Consider the Markov chain $X \to g(X)$ .

Apply the data processing inequality with $Y = g(X)$ and $Z = X$ .

Alternatively, use the grouping property of entropy.

Solution

Via data processing

Since $g(X)$ is a function of $X$ , we have the Markov chain $g(X) X \multimap Y \multimap Z X$ . The self-information gives $I(X; g(X)) \leq I(X; X) = H(X)$ .

But $I(X; g(X)) = H(g(X)) - H(g(X)|X) = H(g(X))$ since $g(X)$ is determined by $X$ .

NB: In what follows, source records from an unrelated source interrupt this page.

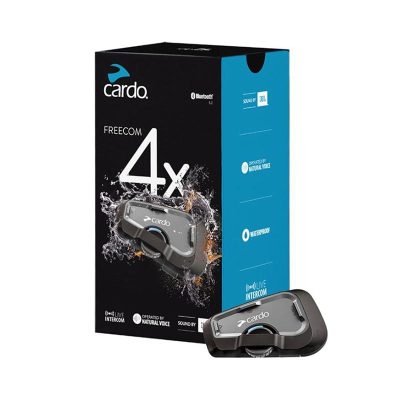 El Cardo Freecom 4X es un intercomunicador Bluetooth avanzado para moto, diseñado para motoristas que necesitan comunicación en grupo de hasta 4 usuarios con una conexión estable y sonido de alta calidad. Incorpora Bluetooth 5.2 y la reconocida tecnología de audio JBL, ofreciendo una experiencia sonora clara y potente para llamadas, música e indicaciones GPS incluso a altas velocidades.
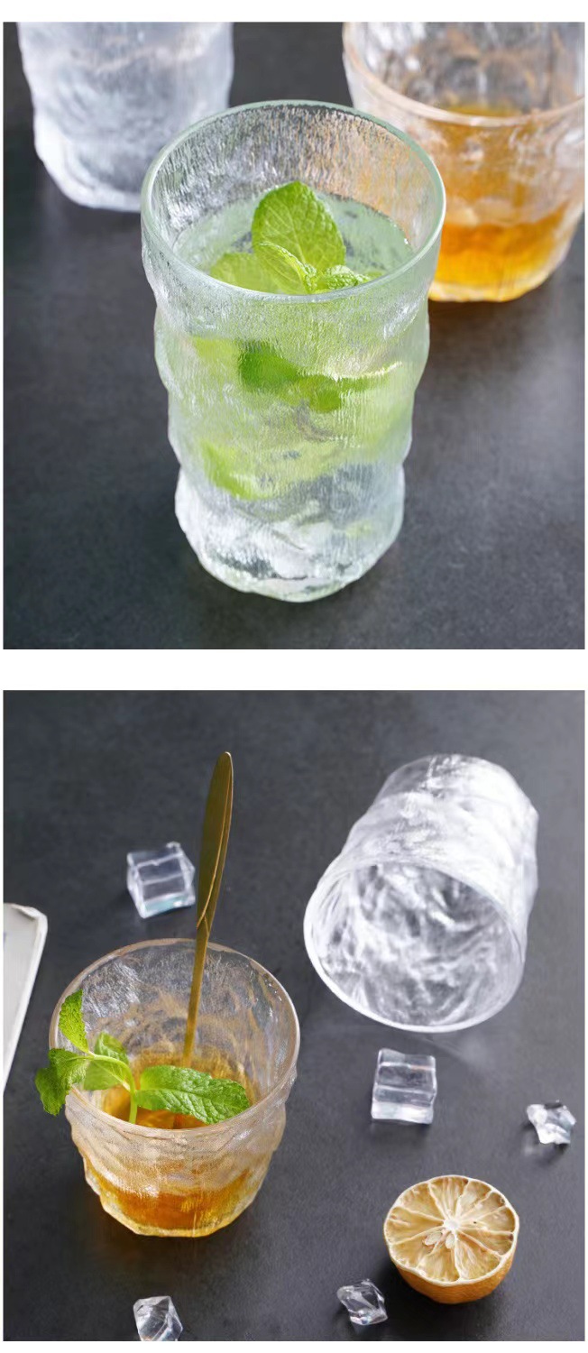 Japanese Glacier Tree Pattern Glass Cup Household High-Value Water Cup Female Juice Drink Cup Ins Style Tea Cup Wine Cup
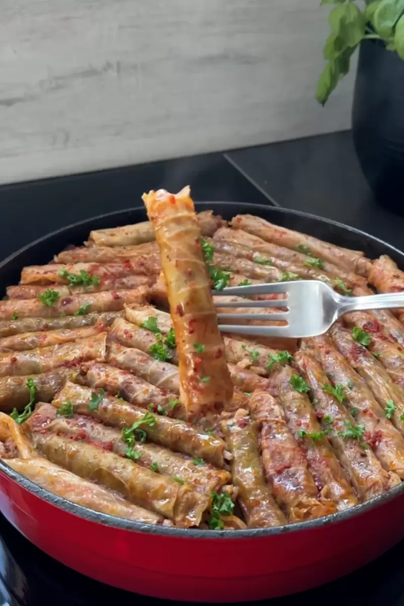 - Начинка: 500 г мясного фарша (говядина, баранина или их смесь), 1 стакан длиннозерного риса, 1 средняя луковица, мелко нарезанная, 2-3 зубчика чеснока, 2 ст. ложки томатной пасты, 2 ст. ложки оливкового масла, свежая зелень (петрушка, укроп, мята) — по вкусу, а также приправы: соль, перец, красный перец, сушеный тимьян и кориандр.
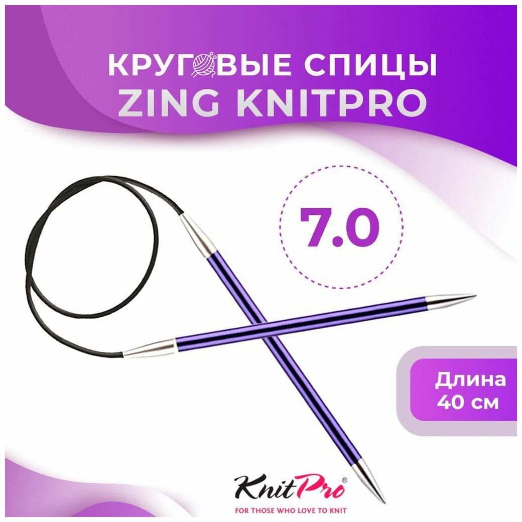 Купить 47075 Knit Pro Спицы круговые для вязания Zing 7мм/40см, алюминий, аметистовый (фиолетовый)
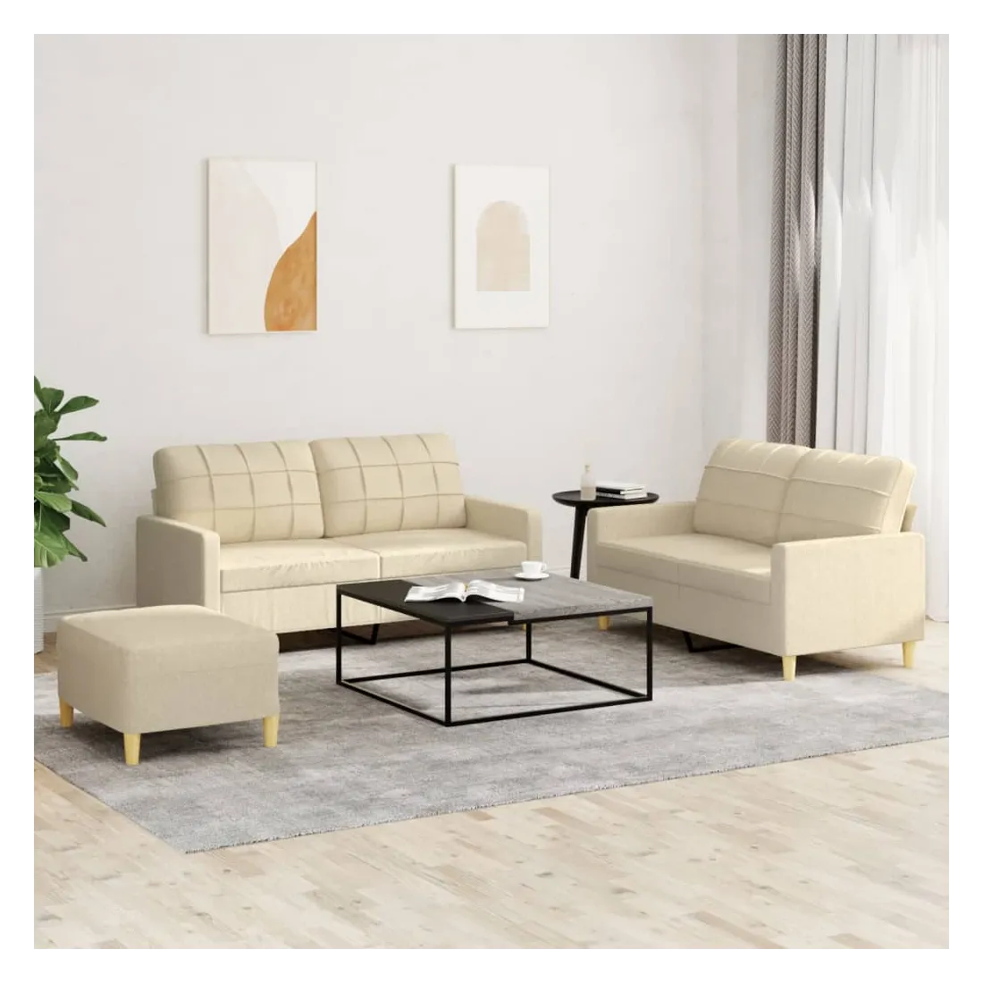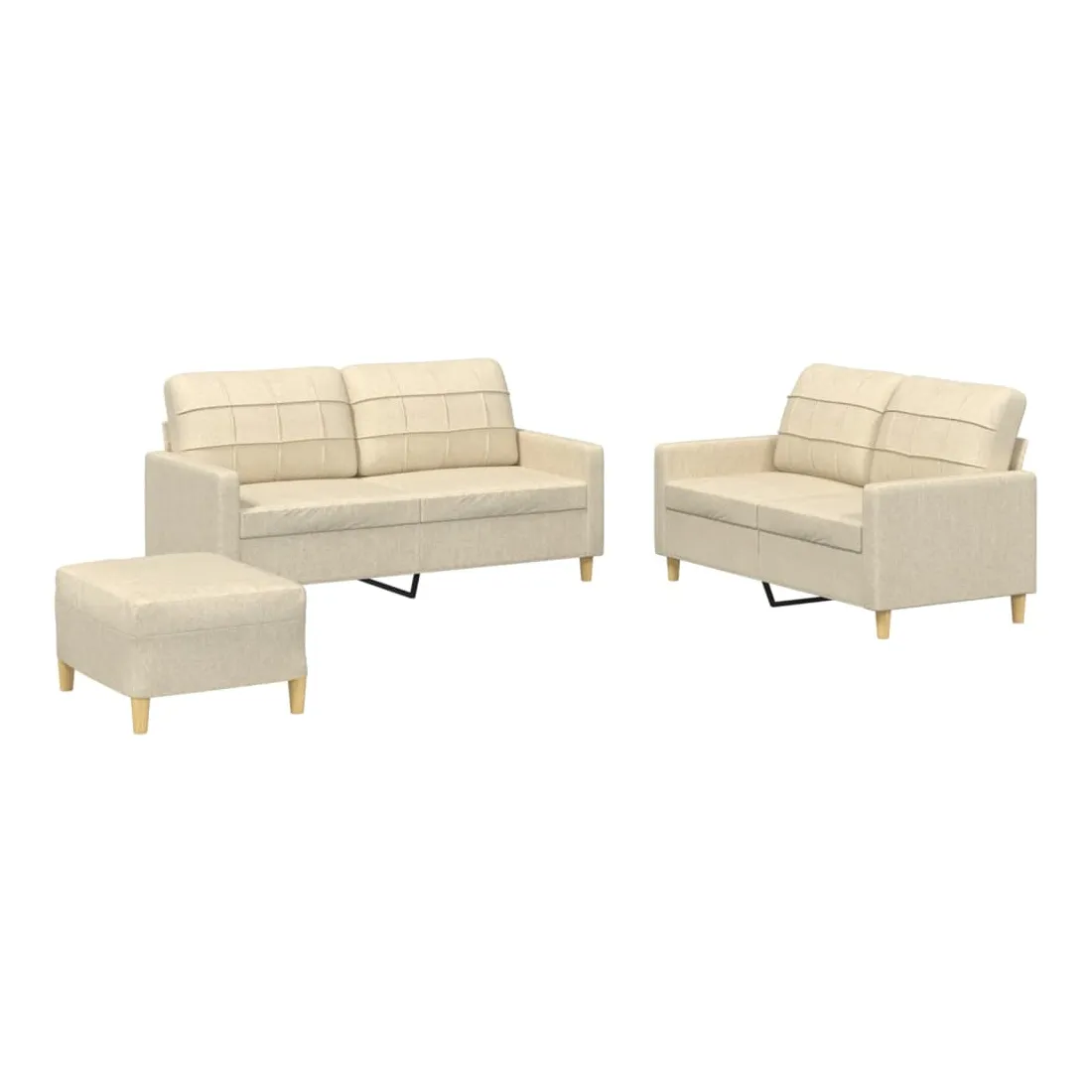 Cet ensemble de canapés est un excellent endroit pour discuter, lire, regarder la télévision ou simplement vous détendre. Il est destiné à être un point central de votre maison. Tissu durable : le tissu présente un aspect simple et épuré tout en restant respirant et durable.Structure robuste et stable : la structure en contreplaqué et en métal du canapé assure robustesse et stabilité.Expérience d'assise confortable : le canapé est très confortable avec le siège, les accoudoirs et les oreillers de dossier bien rembourrés.Pouf polyvalent : ce repose-pied convient pour reposer vos pieds lorsque vous êtes allongé dans un canapé, ou pour vous offrir un siège supplémentaire dans votre pièce. De plus, le design simple et la taille compacte le rendent idéal pour presque tous vos espaces de vie.
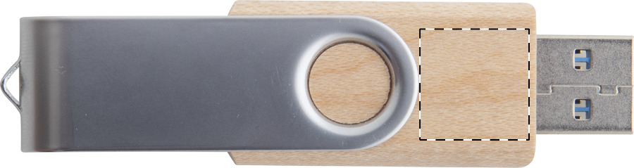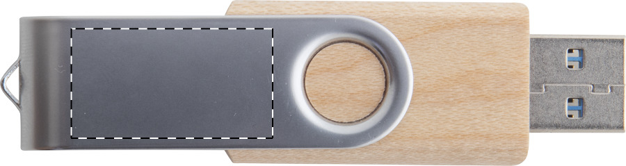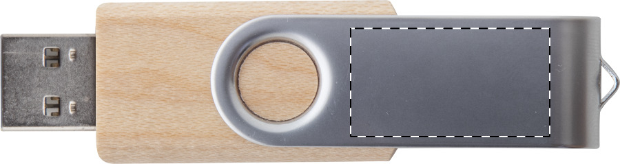 Dreh OTG USB-Stick im Bambusgehäuse mit Metallbügel, 4/8/16/32 GB Speicher, USB und USB-C Steckern, USB 2.0. Einzeln in Kraftpapierbox.
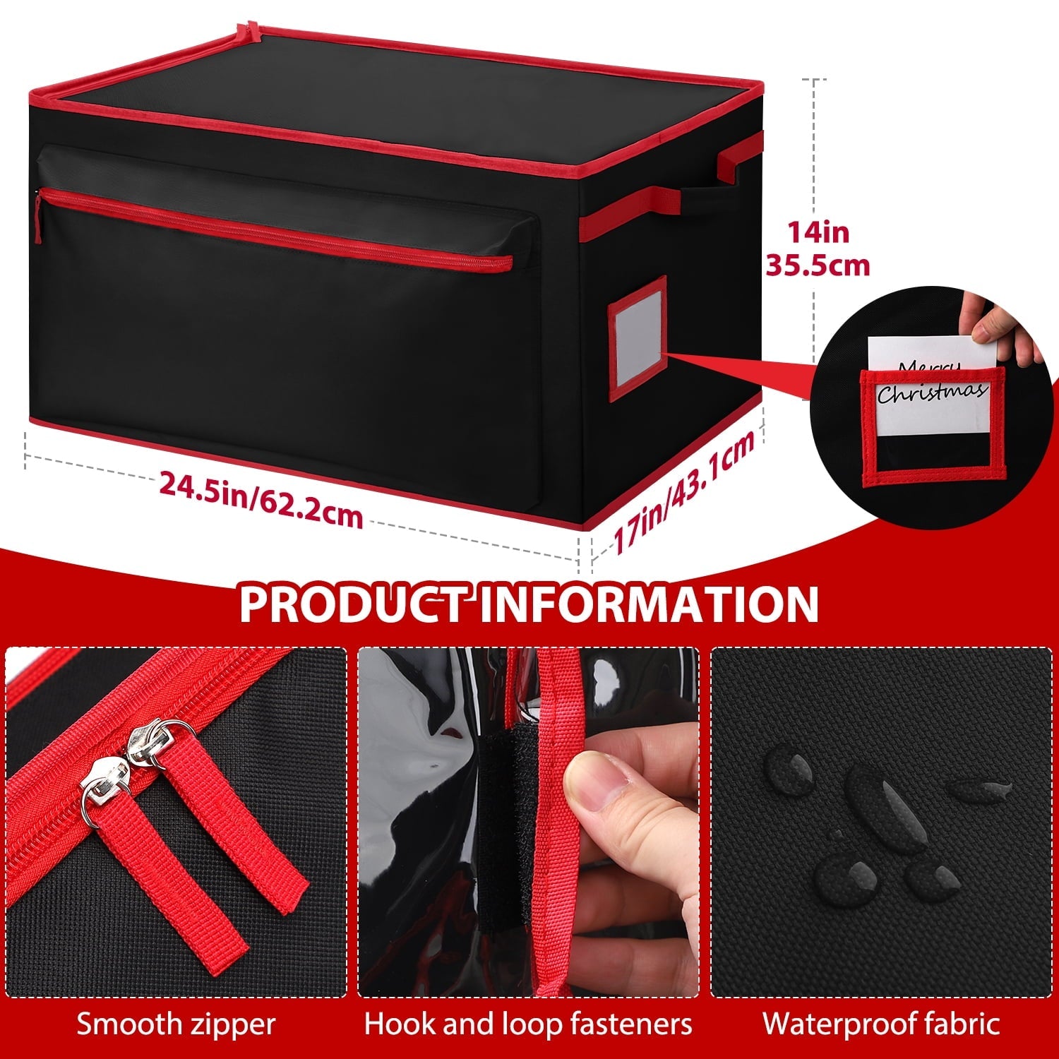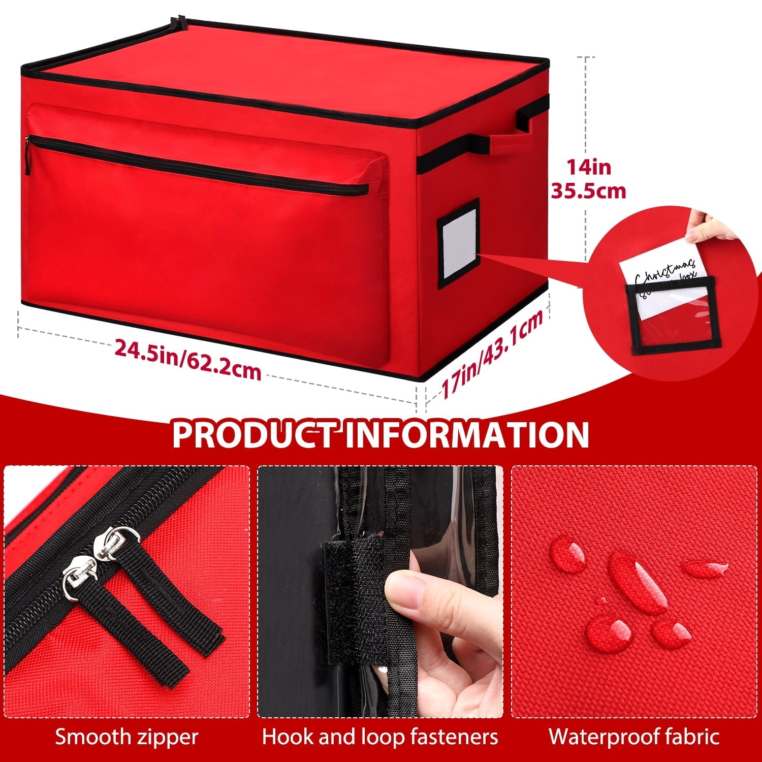 Premium Christmas Ornament Storage Box - Heavy Duty 600D/ Inside PVC Liner Deluxe Christmas Ornament Storage Box - Heavy Duty 600D/ Self Standing Frame Christmas Ornament Storage Box w/ Side Slots for Long Ornaments, Decor & Candles Christmas Ornament Storage Container Box with Dividers w/2 Trays & Carry Handles Premium Large Holiday Ornament Storage Box w/ Front Open Panel & Handled Trays Clear Top Christmas Ornament Organizer to Secure Your Favorite Seasonal Décor
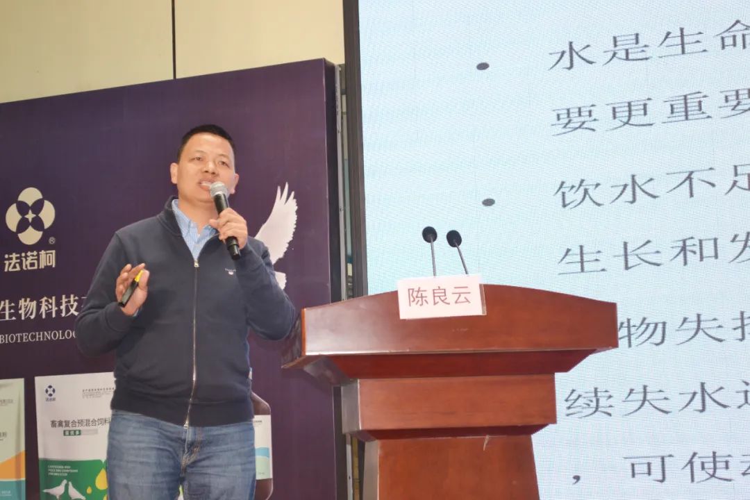 在科技成果發(fā)布環(huán)節(jié),石家莊塞紐信生物科技有限公司總經理陳良云分享了《肉鴿飲水健康管理》,重點介紹了水在肉鴿養(yǎng)殖中的重要性。
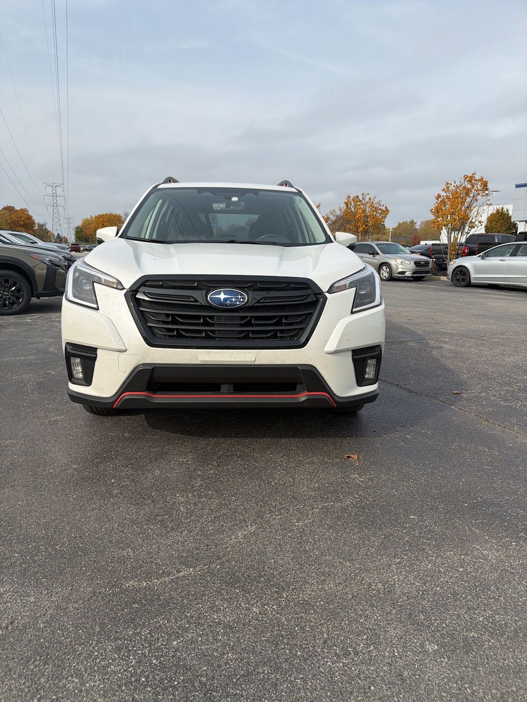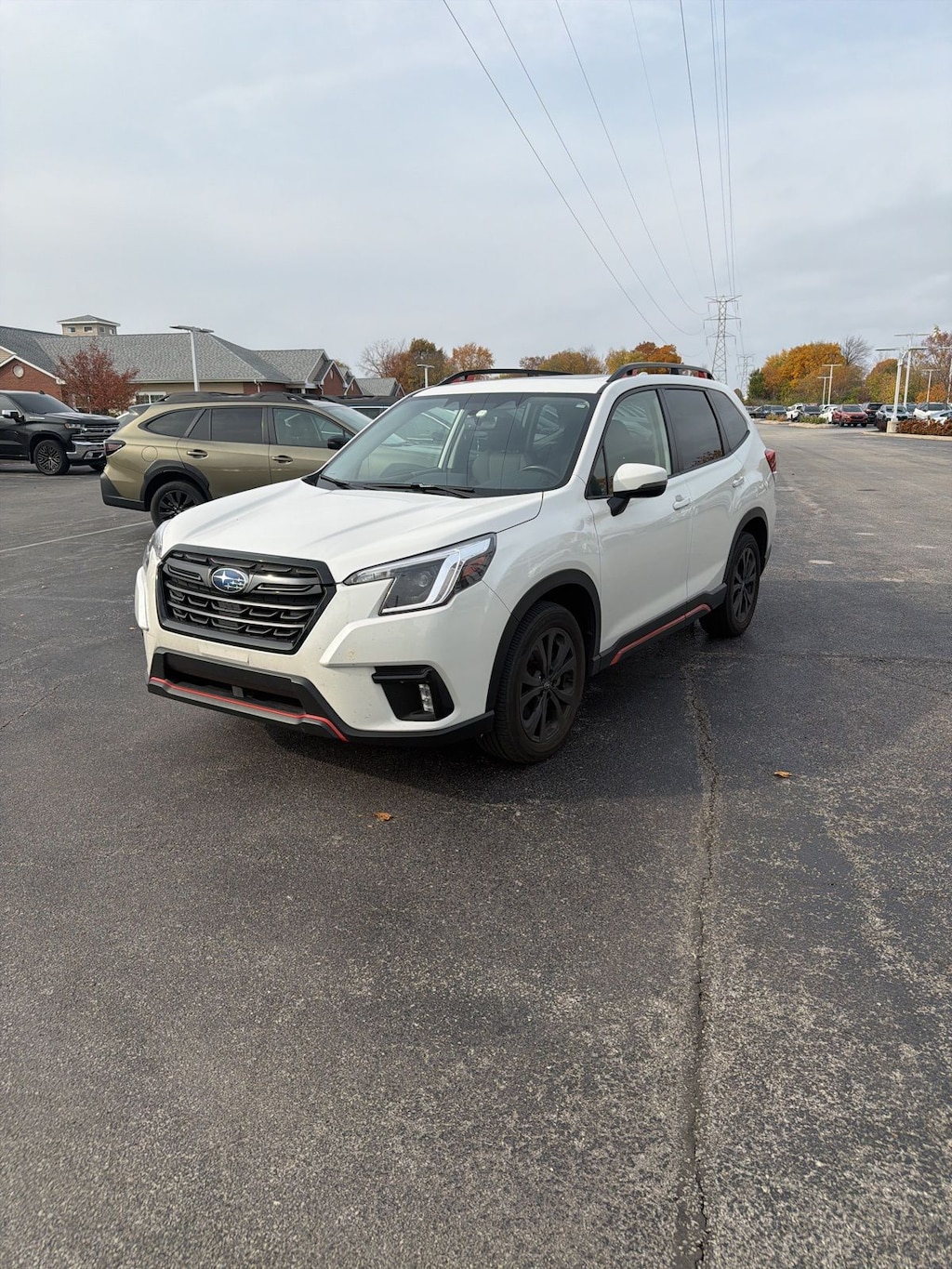Recent Arrival! 2023 Subaru Certified. White AWD Forester Sport Lineartronic CVT 3.70 Axle Ratio, 4-Wheel Disc Brakes, 6 Speakers, ABS brakes, Air Conditioning, Alloy wheels, AM/FM radio: SiriusXM, Anti-whiplash front head restraints, Auto High-beam Headlights, Automatic temperature control, Brake assist, Bumpers: body-color, CD player, Driver door bin, Driver vanity mirror, Dual front impact airbags, Dual front side impact airbags, Electronic Stability Control, Emergency communication system: STARLINK Safety and Security (Subscription Required), Exterior Parking Camera Rear, Four wheel independent suspension, Front anti-roll bar, Front Bucket Seats, Front Center Armrest, Front fog lights, Front reading lights, Fully automatic headlights, Heated door mirrors, Heated Front Bucket Seats, Heated front seats, Illuminated entry, Knee airbag, Leather Shift Knob, Low tire pressure warning, Occupant sensing airbag, Outside temperature display, Overhead airbag, Overhead console, Panic alarm, Passenger door bin, Passenger vanity mirror, Power door mirrors, Power driver seat, Power moonroof: Panoramic, Power steering, Power windows, Radio data system, Radio: Subaru Starlink 6.5" Multimedia Plus System, Rear anti-roll bar, Rear seat center armrest, Rear window defroster, Rear window wiper, Remote keyless entry, Roof rack: rails only, Security system, Speed control, Speed-sensing steering, Split folding rear seat, Spoiler, Sport Cloth Upholstery, STARLINK/Apple CarPlay/Android Auto, Steering wheel mounted audio controls, Tachometer, Telescoping steering wheel, Tilt steering wheel, Traction control, Trip computer, Turn signal indicator mirrors, Variably intermittent wipers, and Wheels: 18" x 7.0 J Black Finish Aluminum-Alloy.

Therefore $H(g(X)) \leq H(X)$ .

Equality condition

Equality holds iff $X$ is a function of $g(X)$ , i.e., iff $g$ is invertible on the support of $X$ . If $g$ maps two distinct values $x_1, x_2$ to the same output, the entropy of $g(X)$ is strictly less than $H(X)$ .

ex-ch01-06

Medium

Let $(X, Y)$ have joint distribution:

$X \backslash Y$	$y=0$	$y=1$
$x=0$	$1/4$	$1/4$
$x=1$	$1/4$	$1/4$

Compute $H(X)$ , $H(Y)$ , $H(X,Y)$ , $H(X|Y)$ , $H(Y|X)$ , and $I(X;Y)$ .

Show Hint

First find the marginal distributions.

Check if $X$ and $Y$ are independent.

Solution

Marginals

$P_X(0) = P_X(1) = 1/2$ and $P_Y(0) = P_Y(1) = 1/2$ . Both are uniform.

Independence check

$p(x,y) = 1/4 = P_X(x) \cdot P_Y(y)$ for all $(x,y)$ , so $X \perp Y$ .

Compute all quantities

$H(X) = 1$ bit, $H(Y) = 1$ bit.

$H(X,Y) = \log 4 = 2$ bits.

$H(X|Y) = H(X) = 1$ bit (by independence).

$H(Y|X) = H(Y) = 1$ bit.

$I(X;Y) = 0$ (independent).

ex-ch01-07

Medium

Prove that $I(X;Y,Z) \geq I(X;Y)$ , i.e., more observations cannot decrease mutual information.

Show Hint

Use the chain rule for mutual information.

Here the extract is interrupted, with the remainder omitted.